It’s been too long since the web application security industry had a good in-depth review of the various vulnerability assessment solutions available. And never have any in the past included software-as-service-models like ours from WhiteHat. Network Computing's Strategic Security: Web Applications Scanners review plans to test products from Acunetix, Cenzic, N-Stalker, SPI Dynamics, Syhunt Technology, Watchfire and WhiteHat Security. Thankfully they have Jordan Wiens conducting the reviews rather than someone with extremely limited domain knowledge. For those who recall, Jordan is not there average journalist. I personally got to see him win Security Innovations's Interactive Testing Challenge web hacking competition. This should be really interesting to watch unfold!
>THE TEST BED:
We chose three applications from volunteer organizations to test our Web app scanners. All are relatively simple Web apps in use for real-world functions, and were built using a variety of development tools and platforms.
Our first application was written in C# using Microsoft's ASP.net with Ajax (also known as ATLAS) and deployed on IIS 6.0. The second was developed using the LAMP stack (the combination of Linux, Apache, MySQL and PHP), and the third was written in Java and deployed with JBoss and Tomcat on Linux.

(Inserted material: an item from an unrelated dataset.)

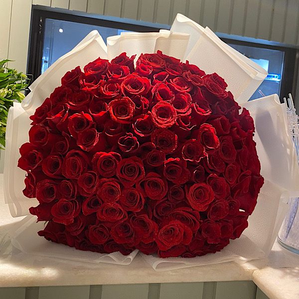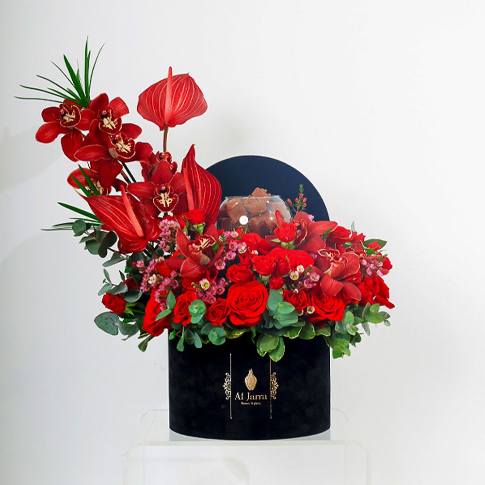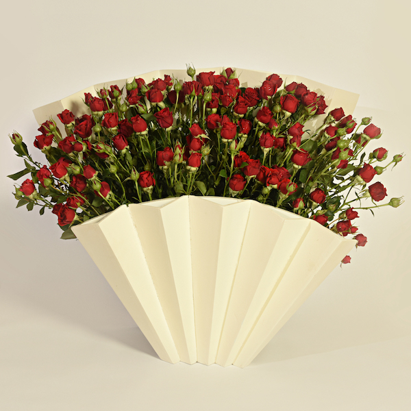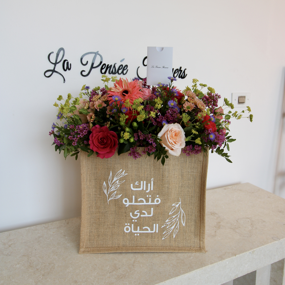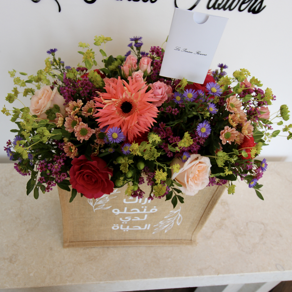 باقة تحتوي على زهور الجوري، الجيربيرا والبيبي كريز مرتبة بشكل جميل في حقيبة قماشية.

None of the applications has received a security audit, either at the source-code level or using external scanners. Throughout the process, all scanning applications will be leveled at the same applications--any changes to fix security vulnerabilities found in production systems will be left off test instances that are used for future scanning, to ensure that each product and service has the same potential vulnerabilities to find.
Note that no vulnerabilities were intentionally added or seeded into an application. The applications will be scanned exactly as they existed in the wild at the start of the review.